Let $(x_{ij})_{1 \le i < \infty, 1 \le j \le i }$ be an array of i.i.d random $\cal N(0,1)$ variables, define $x_{ji}=x_{ij}$ and let $M_n$ be the $n$ by $n$ matrix obtained by restricting the array to $1 \le i \le n, 1 \le j \le n$.

Let $\lambda(n)$ denote the maximum eigenvalue of $M_n$. The variance and limiting distribution of the maximum eigenvalue (for these and related classes of matrices) were discovered by Tracy and Widom.

Question 1: What is the law of iterated logarithm for this scenario? Namely, can one identifies functions $F(n)$ and $G(n)$ such that

$\limsup_{n \to \infty} (\lambda (n)- {\bf E}(\lambda(n))/ F(n) = 1,$ almost surely, and

$\liminf_{n \to \infty} (\lambda (n)- {\bf E}(\lambda(n))/ G(n) = -1$ almost surely.

2. Random permutations

Choose a sequence of real numbers in the unit interval at random independently.
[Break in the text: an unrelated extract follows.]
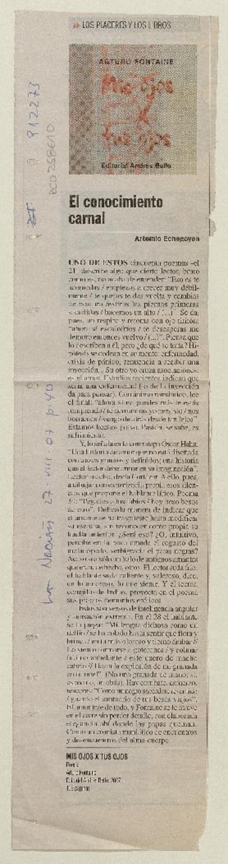 El conocimiento carnal [artículo] Artemio Echegoyen.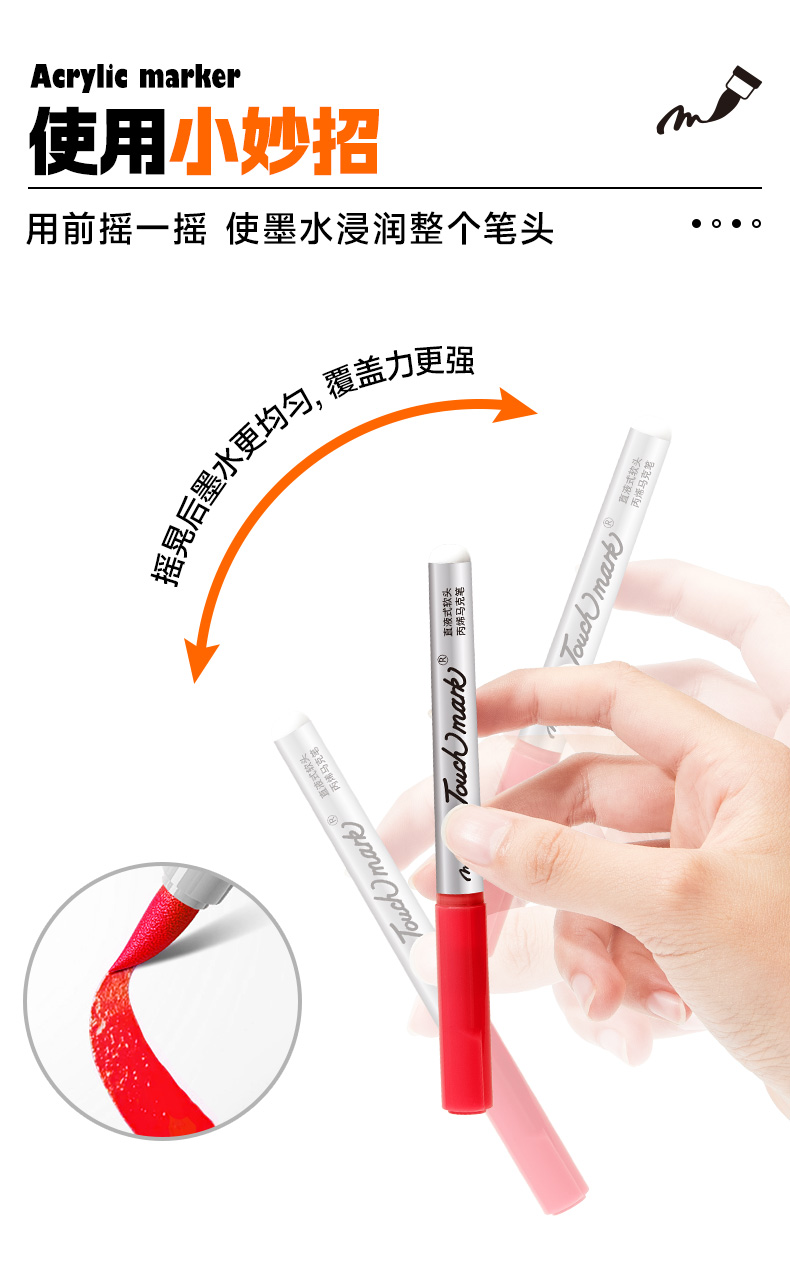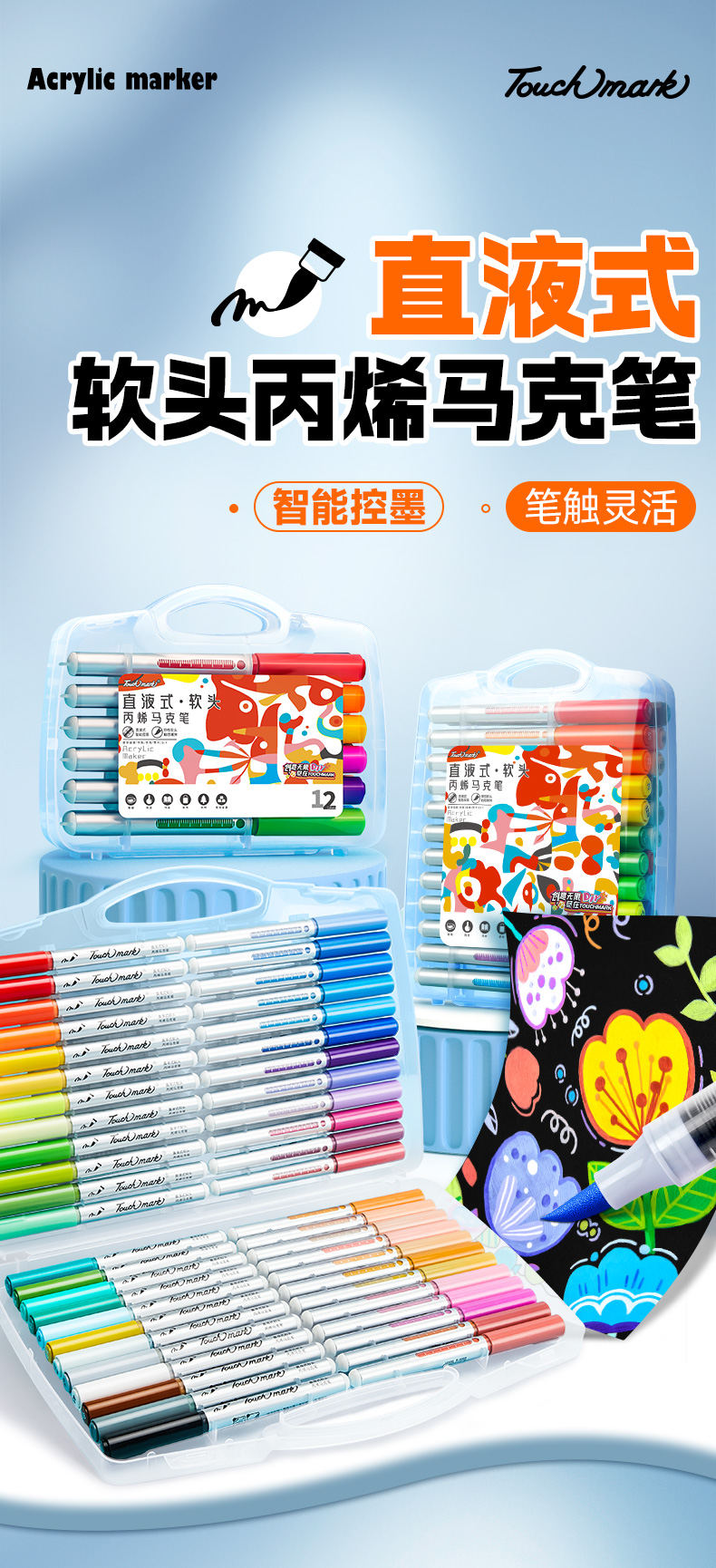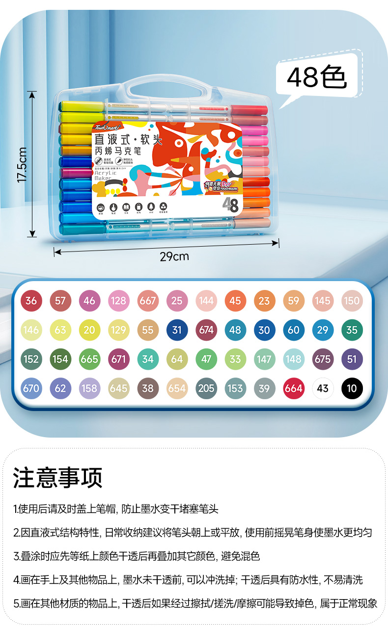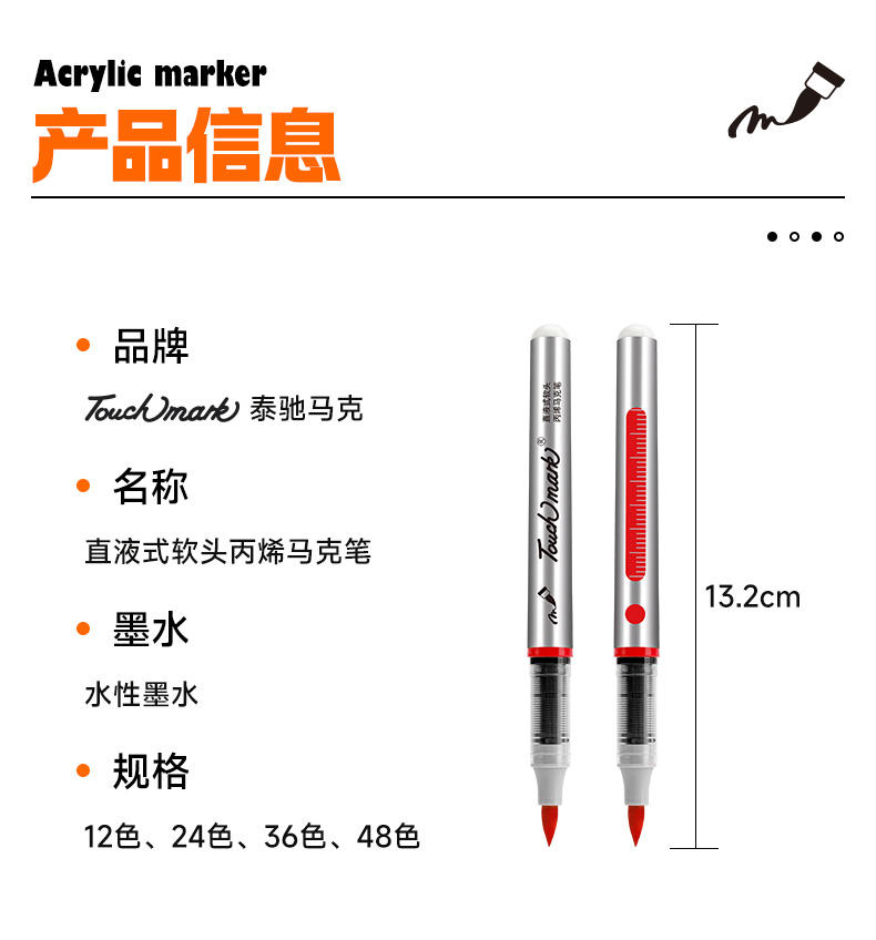 【开学直降】Touchmark直液式软头丙烯马克笔经典pp盒款可补单只笔

Use the first $n$ numbers in the sequence to describe a random permutation $\pi$ in $S_n$. Look at the length $L_n$ of the maximum increasing sub-sequence of $\pi$. The expectation, variance and limiting distributions of the maximal increasing subsequence are known by the works of Logan-Shepp, Kerov-Vershik, (expectation) Baik, Deift & Johansson (variance and limiting distribution) and many subsequent works.

Question 2: What is the law of iterated logarithm for this scenario?

3. Motivation.

My initial motivation is to try to understand the law of iterated logarithm itself, and more precisely, to understand why do we have the $\sqrt {\log \log n}$ factor. (I cannot rationally expect to understand the $\sqrt 2$.)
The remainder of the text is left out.